Check Stanza Keywords
check <name>
|
Define a new Check. When a host Group is
defined with the same name as a Check, then the Check will be
run for those hosts. (But see check
all hosts, below.)
|
module <name>
|
Specify the name of the module to run. Check modules are expected
to be found in $MODDIR/check/modulename (where
$MODDIR is by default $INSTDIR/mod).
Arguments passed to the module are specified as name/value pairs,
with one pair per line. The specific arguments for each module are
described in the module's documentation. # symbols are treated
as part of the argument, not as a comment.
|
via scheduler
via <name>
|
Indicate where the Check runs. Checks run via scheduler are
executed on the scheduler host. This is useful for Checks that
follow a client-server model, such as testing an HTTP server or
querying an SNMP daemon. This is the default.
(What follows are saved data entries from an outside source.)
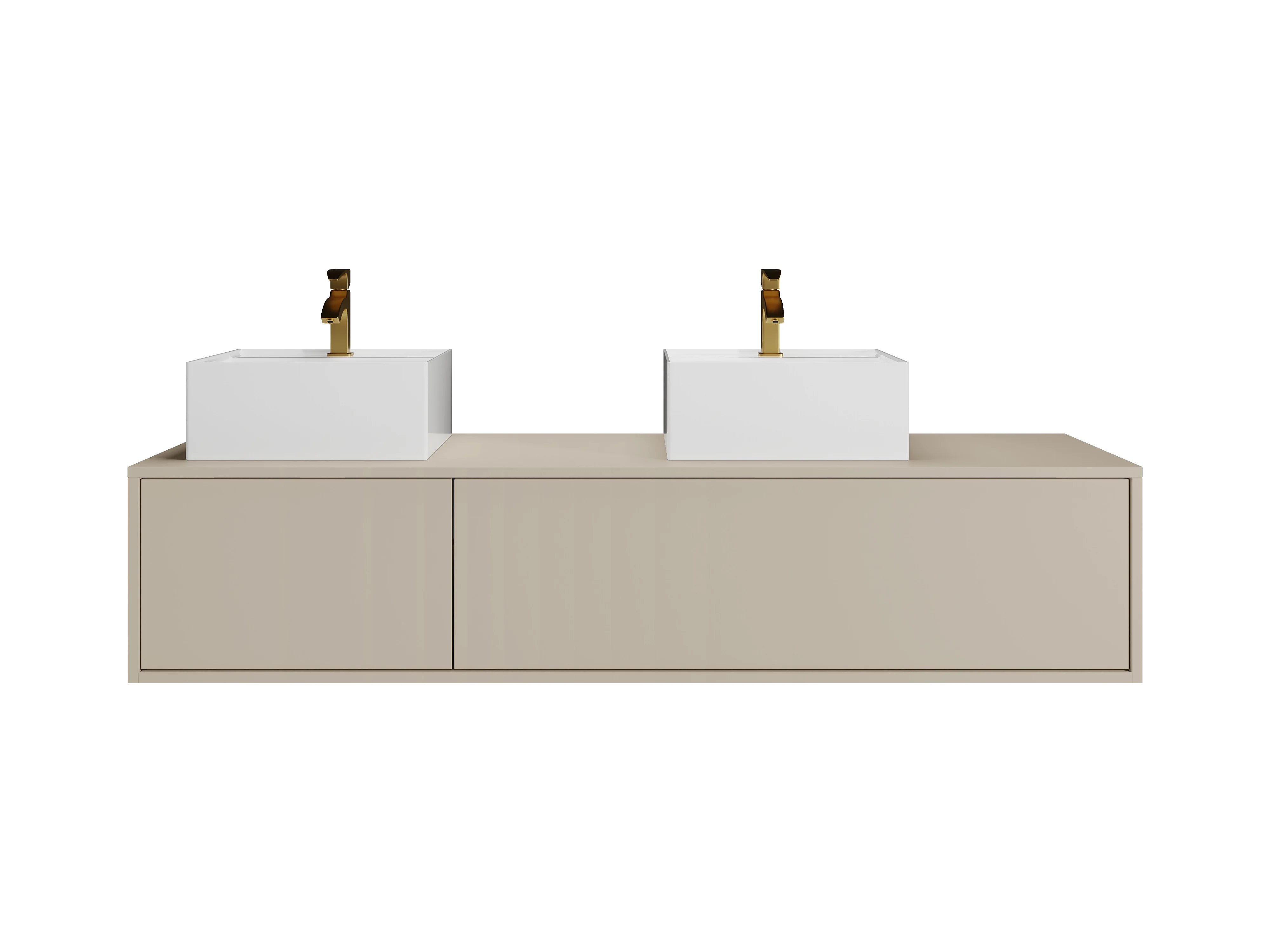 Meuble de salle de bain suspendu coloris beige avec double vasque carrée - L150 cm - ISAURE II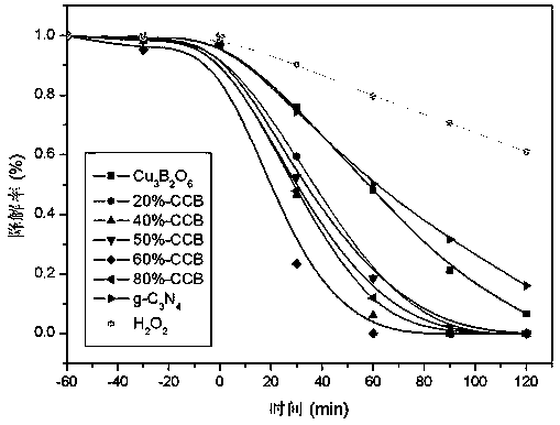 (2)本發明將兩種具有相互匹配的能帶位置關系的材料(Cu3B2O6和g-C3N4)結合,經過研磨-煅燒反應后制備出性能優良的異質結可見光催化劑,這種異質結光催化劑的制備并非兩種材料的簡單復合,而是通過大量的實驗證實Cu3B2O6和g-C3N4之間摻雜形成的異質結結構,不僅增強了對可見光的吸收,而且使光生電子與空穴能夠及時的分離,提高了催化劑的量子效率,從而顯著提高可見光催化效率;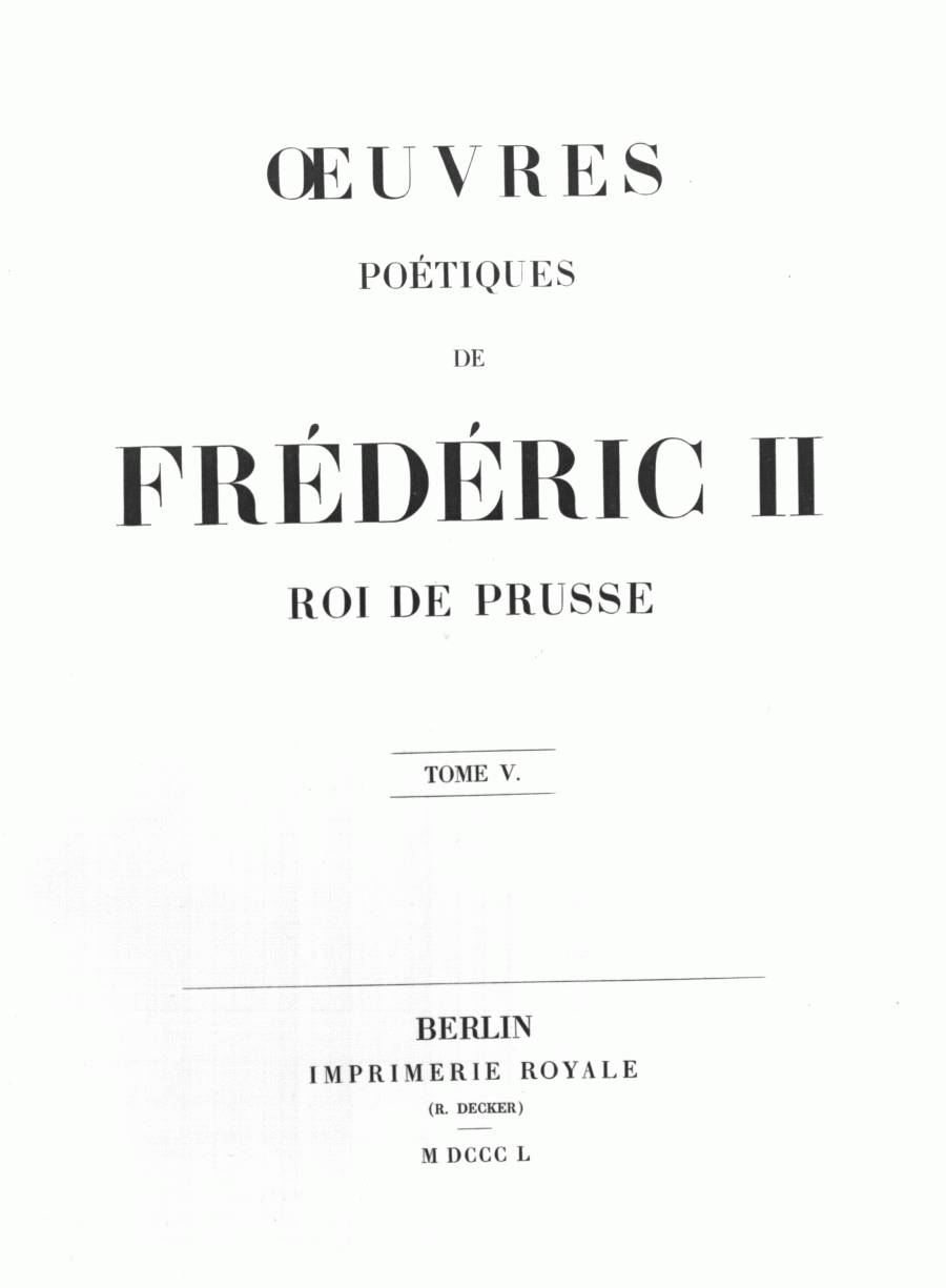 ŒUVRES POÉTIQUES DE Frédéric II ROI DE PRUSSE TOME V. BERLIN IMPRIMERIE ROYALE (R. DECKER) MDCCCL

Checks may also be run remotely, directly on the host being
monitored. This is useful for Checks that need to examine specific
files on a host, among other reasons. To run a Check remotely, use
the via keyword to specify the name of a Transport to use.
The Transport must be defined before the Check is defined.
Transports are described below.
|
check on <name> schedule
|
Specify a Schedule to use for this Check. By default, Checks are
executed according to the Check Schedules supplied for each
HostClass. However, a Check can override
the default Schedule for all hosts to be monitored for that Check.
The Schedule named must be defined in schedule.cf.
|
alert on <name> alertplan
|
Specify an Alert Plan to use for this Check. By default, alert
notifications are transmitted according to the Alert Plan supplied
for each HostClass. However, a Check can override
the default Alert Plan for all hosts to be monitored for that Check.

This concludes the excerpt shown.